Животные — это и то, что ты есть, и то, чем ты не являешься. У тебя сложные взаимоотношения с ними, но вы, в известном смысле, равноправны. Это вот-вот изменится.
Первая проблема
8000 лет до н. э. Когда-то дикая птица из джунглей — курица — теперь одомашнена, так же как козы и крупный рогатый скот. Это означает возникновение нового вида близости с человеком — нового вида забот и нового вида насилия.
Распространенное представление, древнее и современное, описывает одомашнивание как процесс взаимной эволюции людей и других видов живых существ.

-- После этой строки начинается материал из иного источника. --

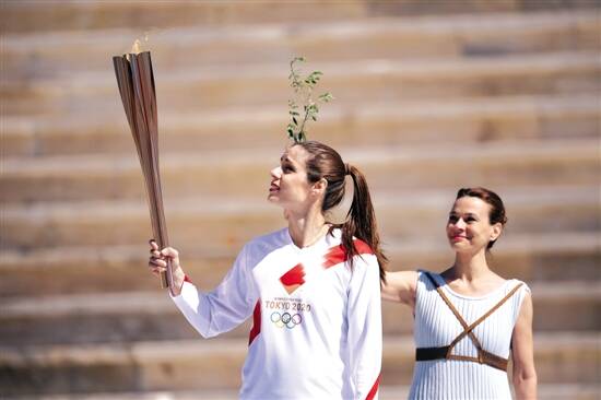 ▲东京奥运会圣火交接仪式在雅典举行。 新华社图 |

Люди как бы заключили сделку с животными, которых назвали курами, коровами, свиньями и так далее: мы обязуемся вас защищать, обеспечивать кормежку и т. д., а от вас, в свою очередь, требуется подневольный труд под ярмом, мы заберем у вас яйца и молоко, ц временами будем убивать вас и есть. Жизнь в дикой Природе — не вечеринка, отсюда следует, что природа жестока, и значит, — это хорошая сделка. И животные по-своему с этим согласились. Майкл Поллан предлагает эту историю в своей книге «Дилемма всеядного»:
«Одомашнивание — это скорее эволюционный, а не политический процесс. Наверняка это было не так, что люди, которым не хватало еды, обманом взяли верх над животными примерно десять тысяч лет назад. Скорее одомашнивание произошло тогда, когда горстка особо склонных к сотрудничеству видов животных, пройдя через серию, так сказать, проб и ошибок естественного отбора, выяснила, что они выживут и будут благоденствовать лишь в союзе с людьми, а не сами по себе. Люди обеспечивали животных едой и защищали их в обмен на то, чем животные обеспечивали людей — молоком, яйцами и… да… собственной плотью. С точки зрения животных, сделка с человечеством обернулась громадным успехом, по крайней мере, до сегодняшнего дня».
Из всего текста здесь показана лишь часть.